PS: This blog content based on Tang Yudi's machine learning Classic algorithm Learning video replication summary and Http://www.abcplus.com.cn/course/83/tasks
Logistic regression
Problem Description: We will establish a logistic regression model to predict whether a student is enrolled in a university. If you are an administrator of a university department, you want to determine the admissions opportunities for each applicant based on the results of the two exams. You have historical data for previous applicants and you can use it as a training set for logistic regression. For each training example, you have two exams for the applicant's score and admission decision. To do this, we will establish a classification model that estimates the probability of admission based on exam results.
Data download: Https://pan.baidu.com/s/1pNbtrjP
The data probably looks like this.
1. View Data Basic Properties
2, drawing observation plot structure analysis
From https://www.jianshu.com/p/b4b5dd20e48a
3, the establishment of the classifier (three parameters to solve θ0,θ1,θ2)
Set thresholds to determine admissions results based on thresholds (set as 50%,≥50% here to determine admissions)
to complete the module :
- sigmoid
: function mapped to probability
model
: Returns the predicted result value
cost
: Calculates the loss according to the parameters
gradient
: Calculates the gradient direction for each parameter
descent
: Make parameter Updates
accuracy
: Calculation accuracy
4. Loss function
5. Calculate gradient
6. Gradient descent (comparison of three gradient descent methods)
The following code is just a visualization of the process
7, different stop policy ① set the number of iterations
② stop based on loss value
The number of iterations above is too low, the modification threshold is 1E-6, and the number of iterations takes approximately 110,000 times.

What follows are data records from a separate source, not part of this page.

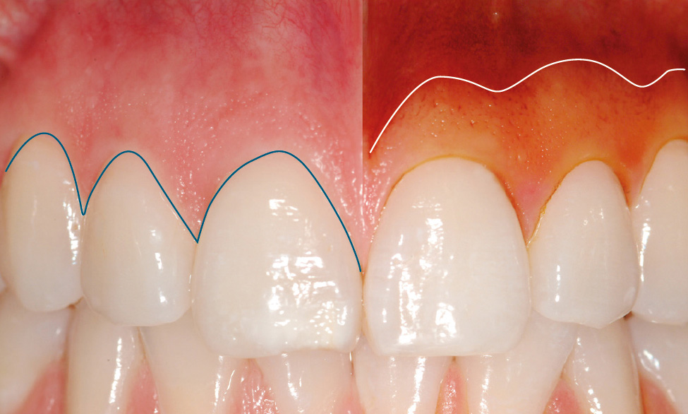 Abb. 2 Gesunde Gingiva. Die Gingiva wird koronal durch den Gingivasaum (Limbus gingivae, blaue Linie) begrenzt und geht vestibulär an der mukogingivalen Grenze (Linea girlandiformis, weiße Linie) in die Alveolarmukosa über. Die mukogingivale Grenze kann mithilfe Schiller‘scher Jodlösung dargestellt werden.
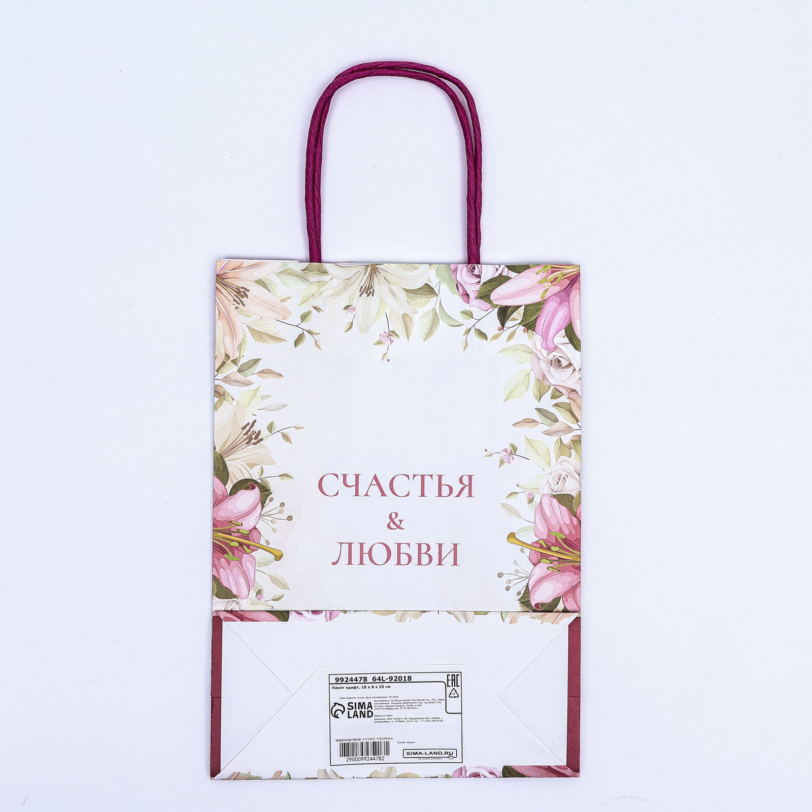 Пакет крафт "Счастья & Любви" 18x8x25 см, 8x18x25 см., UPAK LAND, Китай
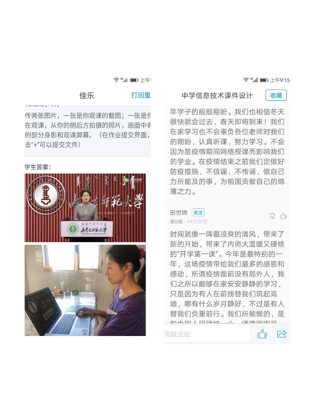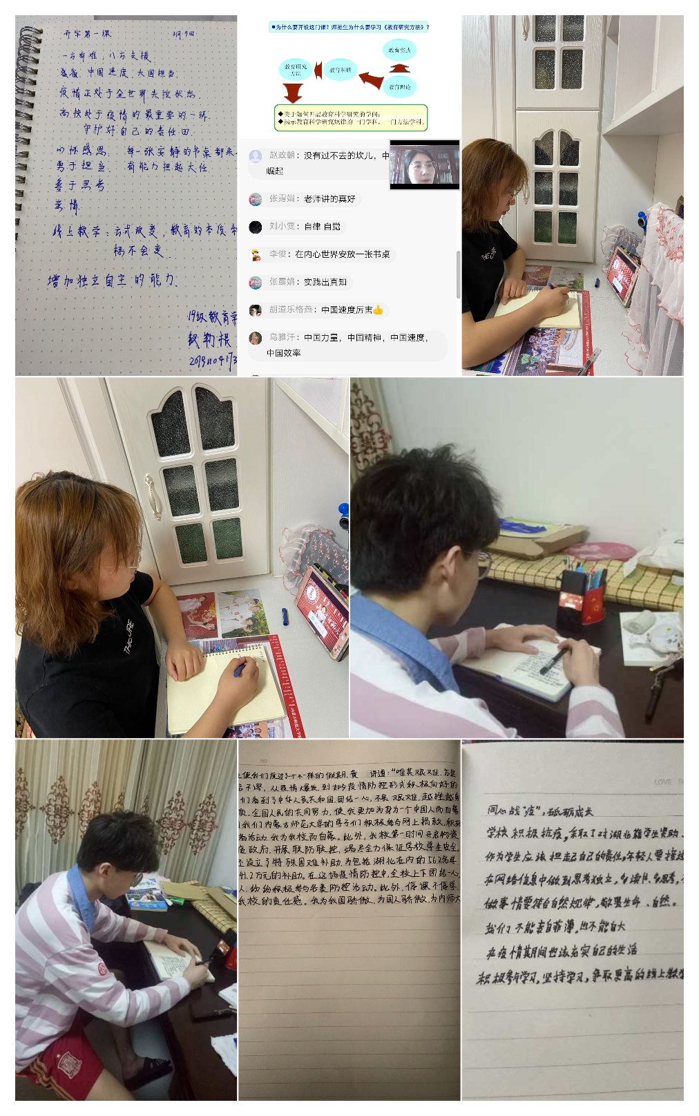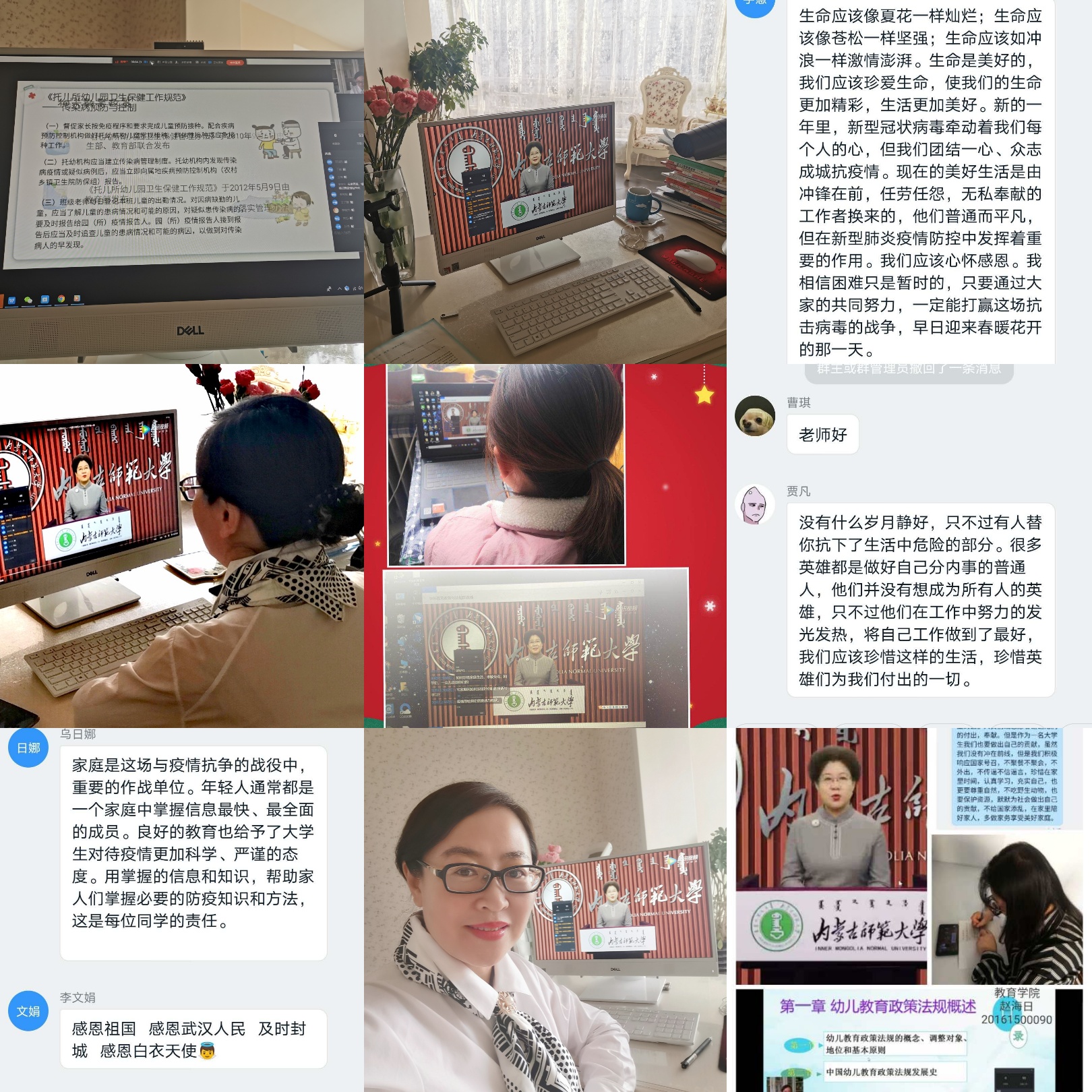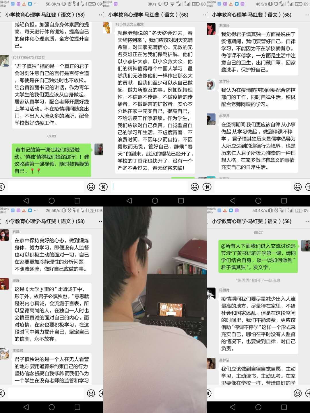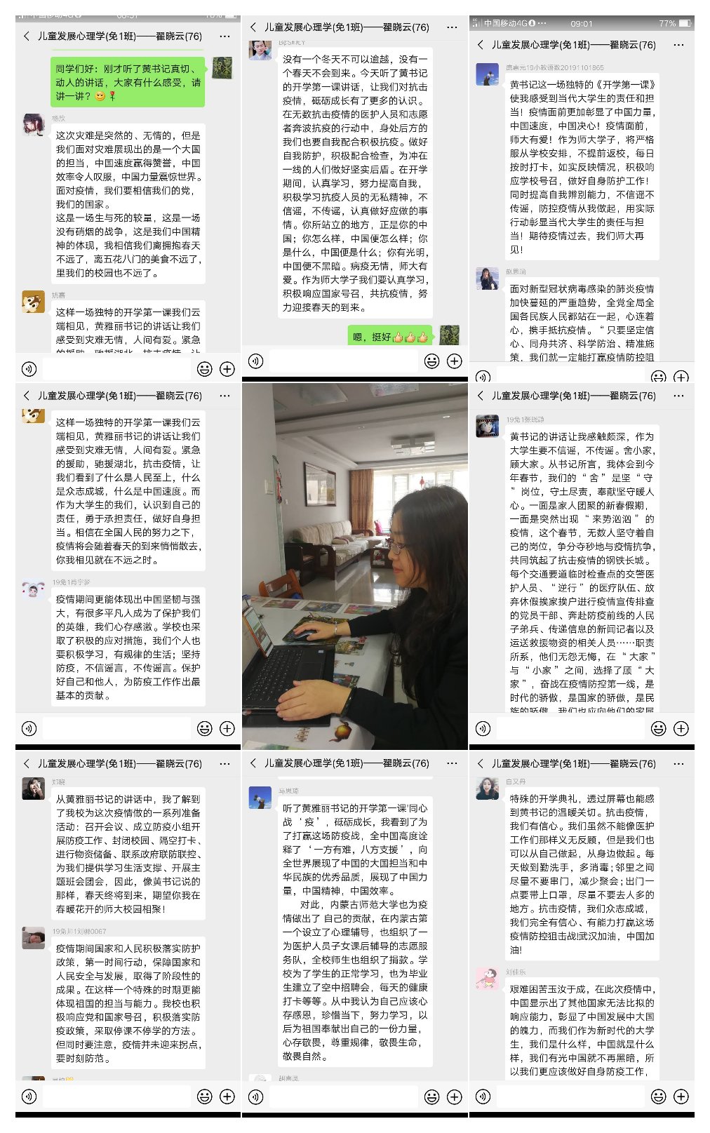 依据我院本科生在线教学工作开学安排,17级教育技术学汉班、19级小学教育免师一班、19级小学教育语文班、18级教育技术学蒙班、18级小学教育语文班、19级教育学类二班、19级教育技术学班、19级教育学类一班、18级学前教育班(合作教学)共九个班级在任课教师带领下提前上课并关注直播平台,准时一同认真学习黄雅丽书记讲授的《开学第一课》后,师生进行互动,任课教师就黄书记讲话中中国人民在疫情防控中展现出的中国力量、展现的责任大国形象开展思政教育,就黄书记对师大青年学子的殷殷寄语与同学们进行研讨,并将开展情况反馈至我院教务办。
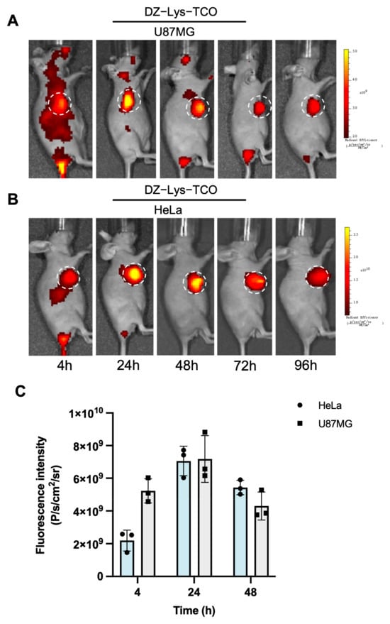 (A) In vivo fluorescence imaging of DZ-Lys-TCO in U87MG tumor-bearing mice. (B) In vivo fluorescence imaging of DZ-Lys-TCO in HeLa tumor-bearing mice. (C) Semi-quantitative analysis of fluorescence intensity in tumor regions. White dashed circles indicate tumor locations.
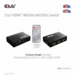 CLUB3D 3 to 1 HDMI™ 8K60Hz/4K120Hz Switch.
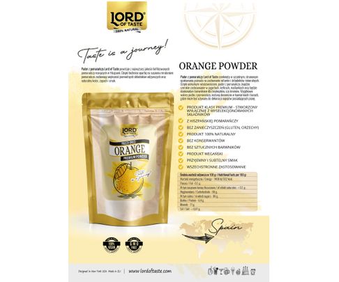 Puder z pomarańczy Lord of Taste powstaje z najwyższej jakości liofilizowanych pomarańczy rosnących w Hiszpanii. Dzięki technice opartej na suszeniu
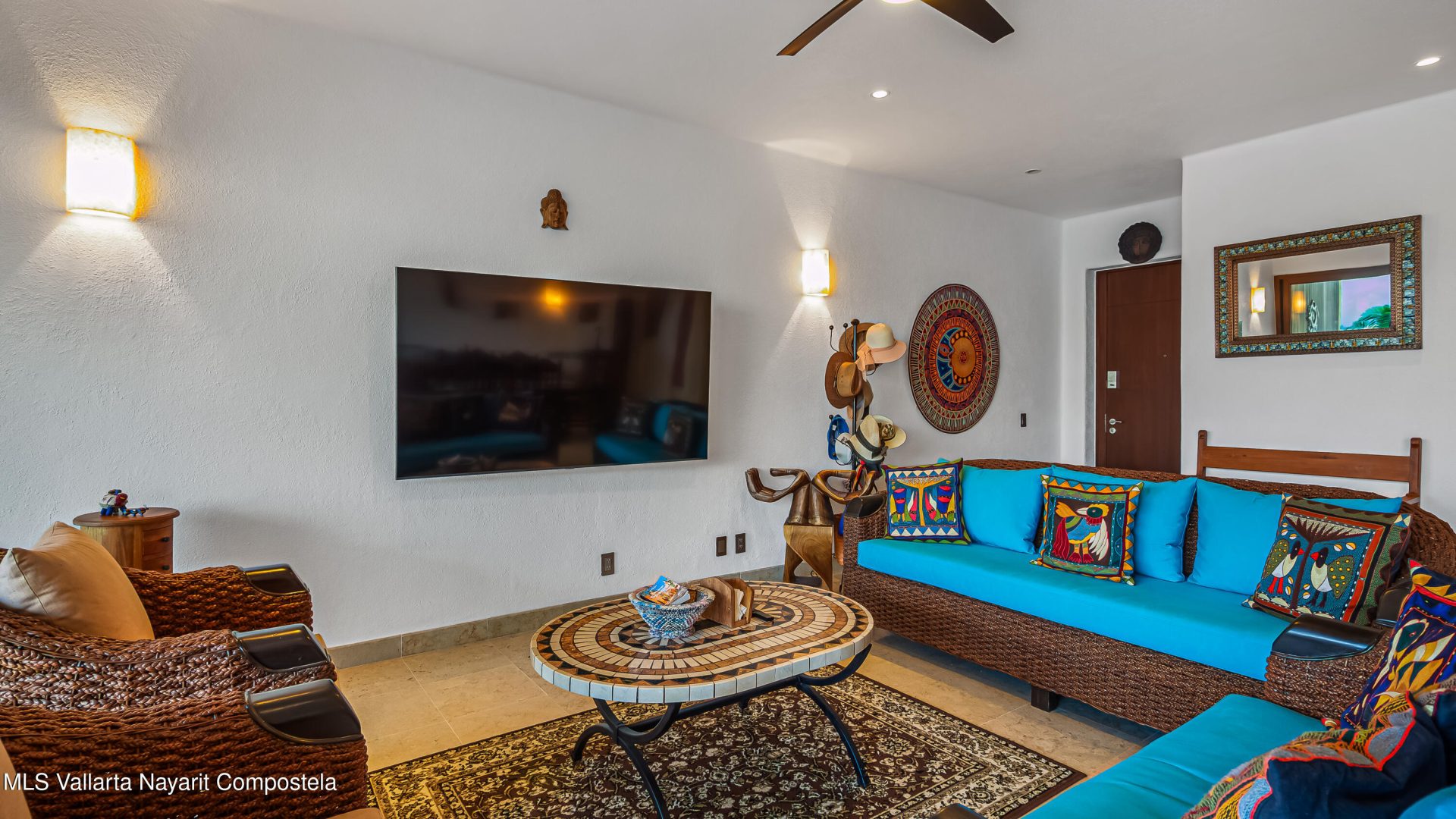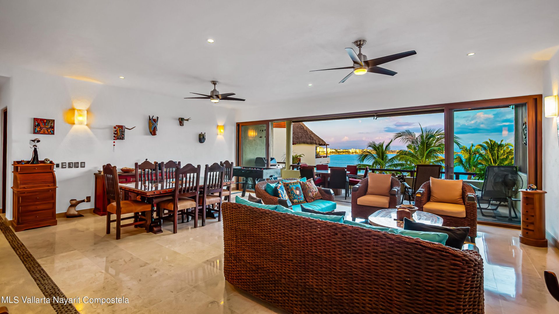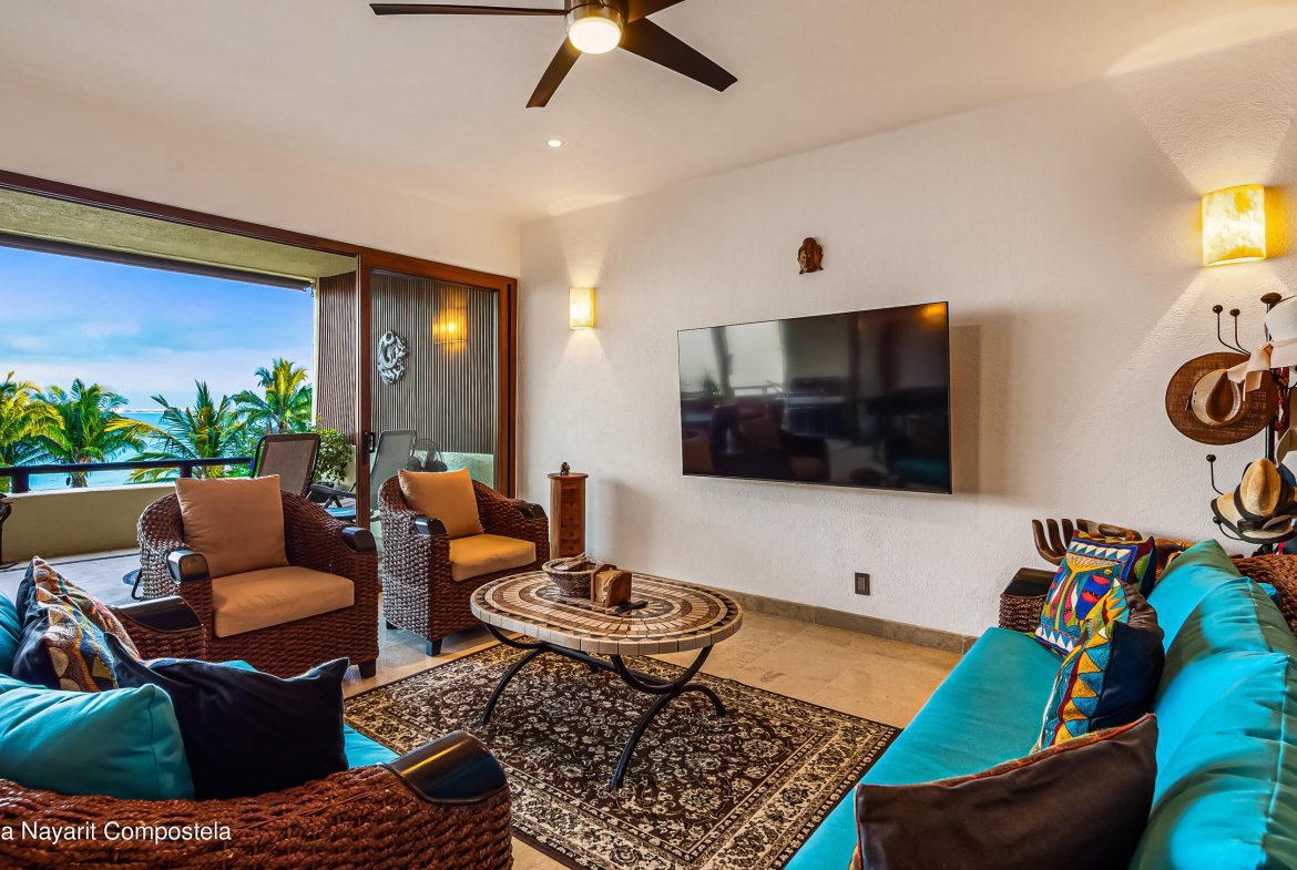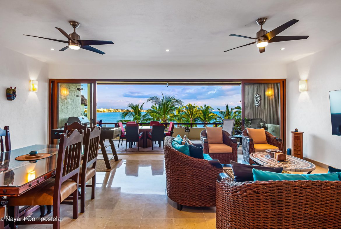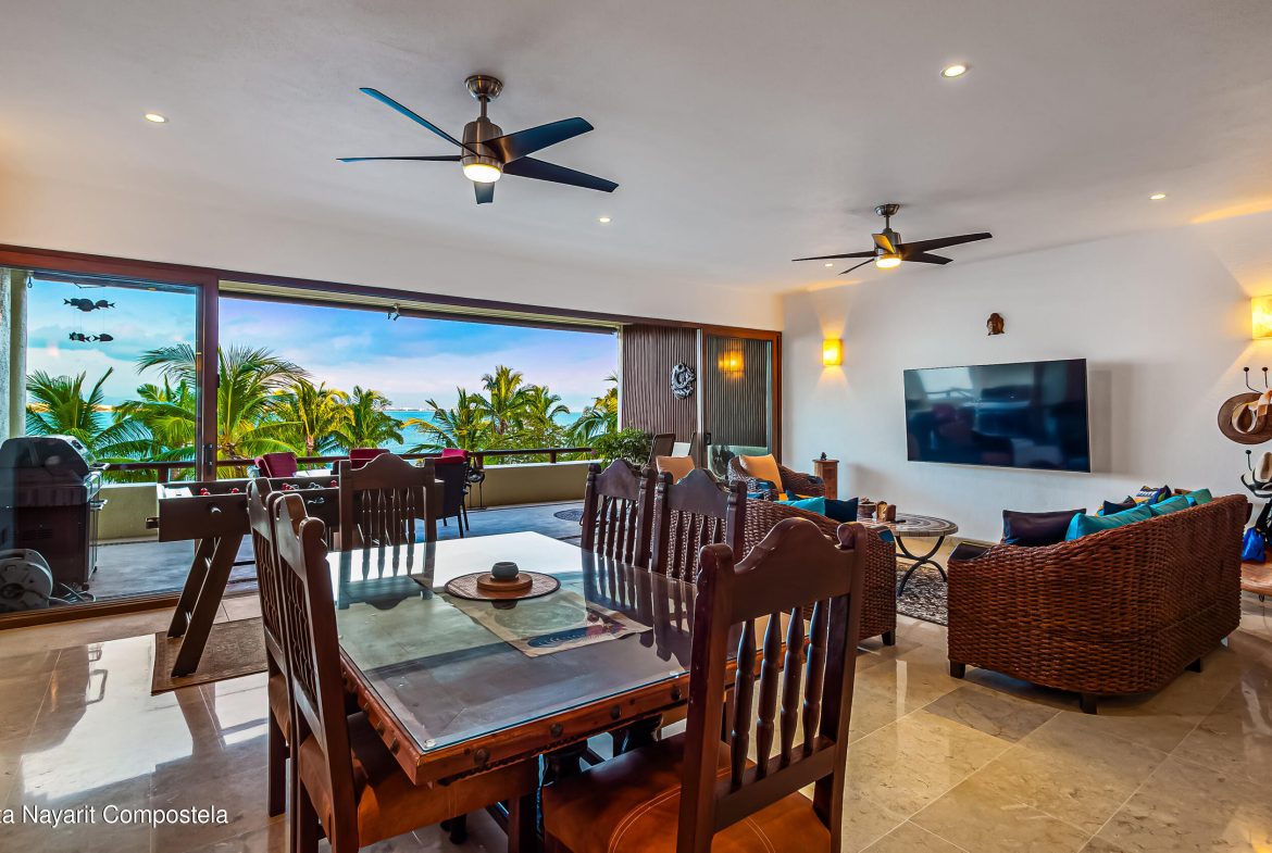 Tu refugio sonado frente al mar te espera en Punta Esmeralda! Disfruta esta residencia lista para mudarte, con diseno abierto, amplia sala y balcon con vistas espectaculares a la bahia. Todo en una sola planta con acceso por elevador, 2 recamaras con vista al mar y 1 con vista a la montana. Recientemente renovada con modernos gabinetes de cocina, pintura fresca y cortinas nuevas.Vive el estilo resort con 8 albercas infinitas, gimnasio, spa, canchas de tenis y pickleball, areas de yoga, jardines, club de playa y seguridad 24/7. Ubicada a pasos de restaurantes y Bucerias, y a solo 25 minutos del Aeropuerto de Vallarta. Agenda tu visita hoy y empieza a vivir el sueno!
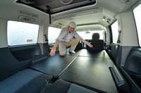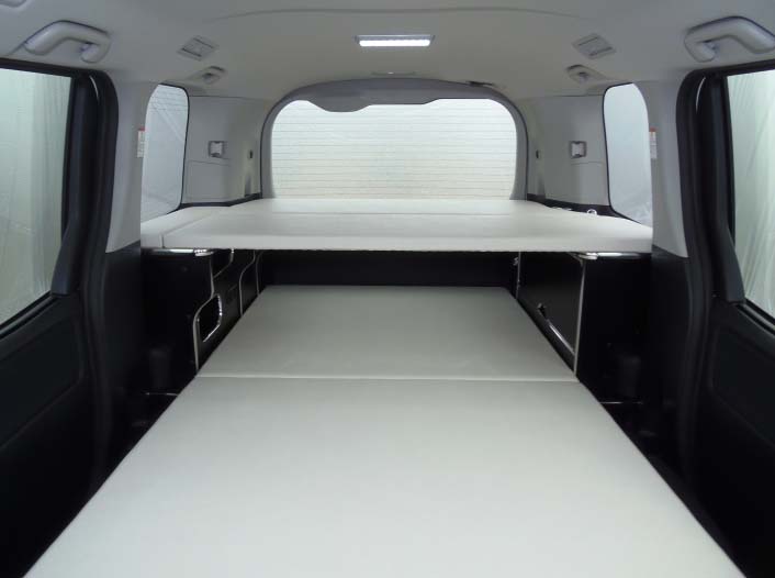 インテリアはデリカD:5のものをそのまま使用しているが、ベッドは倒したシートの上にフラットなベッドマットを乗せる仕組み。(オプション)

Will find that the value is reduced again
This strategy, although more accurate, but the number of iterations, a large amount of computation
③, stop according to gradient change
Set the threshold value of 0.05, which requires approximately 40 000 iterations
8. Comparing different gradient descent methods ①stochastic descent random gradient descent
Quite unstable, try to turn the study rate down a little bit.
The speed is fast, the effect and the stability are poor, need very small study rate
②mini-batch descent small batch gradient descent
Normalization/Normalization
Floating is still relatively large, let's try to standardize the data by subtracting its mean value by its attributes (in columns) and then dividing by its variance. Finally, the result is that all data is aggregated around 0 for each attribute/column, with a variance value of 1.
It's much better! Raw data can only reach up to 0.61, and we get 0.38 of them here! Therefore, it is very important to preprocess the data.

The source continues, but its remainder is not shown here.